Top of Data provided

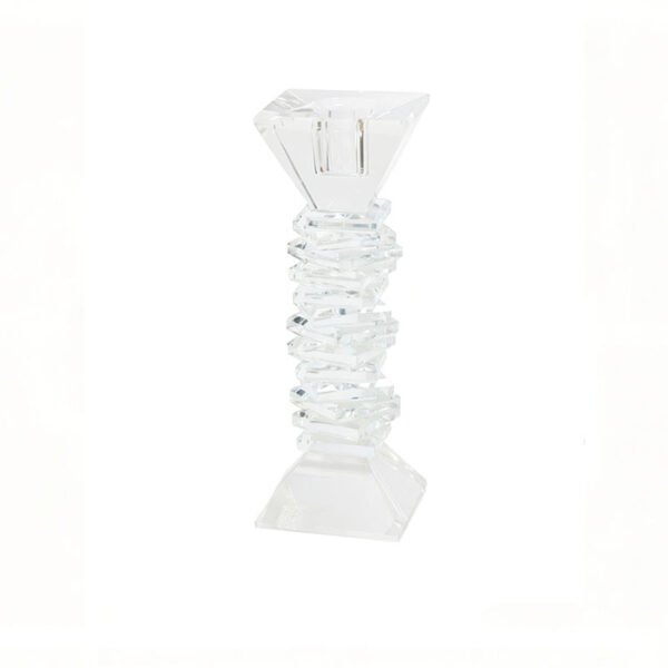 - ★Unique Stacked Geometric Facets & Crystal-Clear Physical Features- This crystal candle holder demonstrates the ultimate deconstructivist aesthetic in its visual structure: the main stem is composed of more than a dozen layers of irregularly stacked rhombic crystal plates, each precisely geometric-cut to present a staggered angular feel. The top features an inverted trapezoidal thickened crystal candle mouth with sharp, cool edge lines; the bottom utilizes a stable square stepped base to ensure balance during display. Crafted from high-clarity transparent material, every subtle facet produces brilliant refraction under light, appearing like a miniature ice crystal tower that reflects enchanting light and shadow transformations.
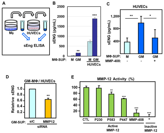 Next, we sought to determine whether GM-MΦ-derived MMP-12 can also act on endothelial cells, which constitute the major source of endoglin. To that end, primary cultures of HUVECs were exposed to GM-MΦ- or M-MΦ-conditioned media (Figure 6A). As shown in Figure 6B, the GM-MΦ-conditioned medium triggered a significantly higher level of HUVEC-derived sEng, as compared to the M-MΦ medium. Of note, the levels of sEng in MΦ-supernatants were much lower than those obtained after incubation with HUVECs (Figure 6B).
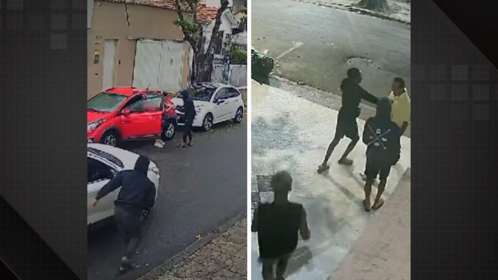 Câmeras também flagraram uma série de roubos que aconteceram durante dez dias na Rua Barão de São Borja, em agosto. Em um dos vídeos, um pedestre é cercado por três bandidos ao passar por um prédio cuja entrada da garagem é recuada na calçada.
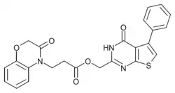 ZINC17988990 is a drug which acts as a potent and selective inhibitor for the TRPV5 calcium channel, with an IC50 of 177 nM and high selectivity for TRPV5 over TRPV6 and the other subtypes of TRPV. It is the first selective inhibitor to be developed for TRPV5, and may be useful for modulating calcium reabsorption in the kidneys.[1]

Bottom of Data provided

__Activity__: In repeating the lines above, keep the wording exact and leave every picture out.

__Answer box__:
 - ★Unique Stacked Geometric Facets & Crystal-Clear Physical Features- This crystal candle holder demonstrates the ultimate deconstructivist aesthetic in its visual structure: the main stem is composed of more than a dozen layers of irregularly stacked rhombic crystal plates, each precisely geometric-cut to present a staggered angular feel. The top features an inverted trapezoidal thickened crystal candle mouth with sharp, cool edge lines; the bottom utilizes a stable square stepped base to ensure balance during display. Crafted from high-clarity transparent material, every subtle facet produces brilliant refraction under light, appearing like a miniature ice crystal tower that reflects enchanting light and shadow transformations.
 Next, we sought to determine whether GM-MΦ-derived MMP-12 can also act on endothelial cells, which constitute the major source of endoglin. To that end, primary cultures of HUVECs were exposed to GM-MΦ- or M-MΦ-conditioned media (Figure 6A). As shown in Figure 6B, the GM-MΦ-conditioned medium triggered a significantly higher level of HUVEC-derived sEng, as compared to the M-MΦ medium. Of note, the levels of sEng in MΦ-supernatants were much lower than those obtained after incubation with HUVECs (Figure 6B).
 Câmeras também flagraram uma série de roubos que aconteceram durante dez dias na Rua Barão de São Borja, em agosto. Em um dos vídeos, um pedestre é cercado por três bandidos ao passar por um prédio cuja entrada da garagem é recuada na calçada.
 ZINC17988990 is a drug which acts as a potent and selective inhibitor for the TRPV5 calcium channel, with an IC50 of 177 nM and high selectivity for TRPV5 over TRPV6 and the other subtypes of TRPV. It is the first selective inhibitor to be developed for TRPV5, and may be useful for modulating calcium reabsorption in the kidneys.[1]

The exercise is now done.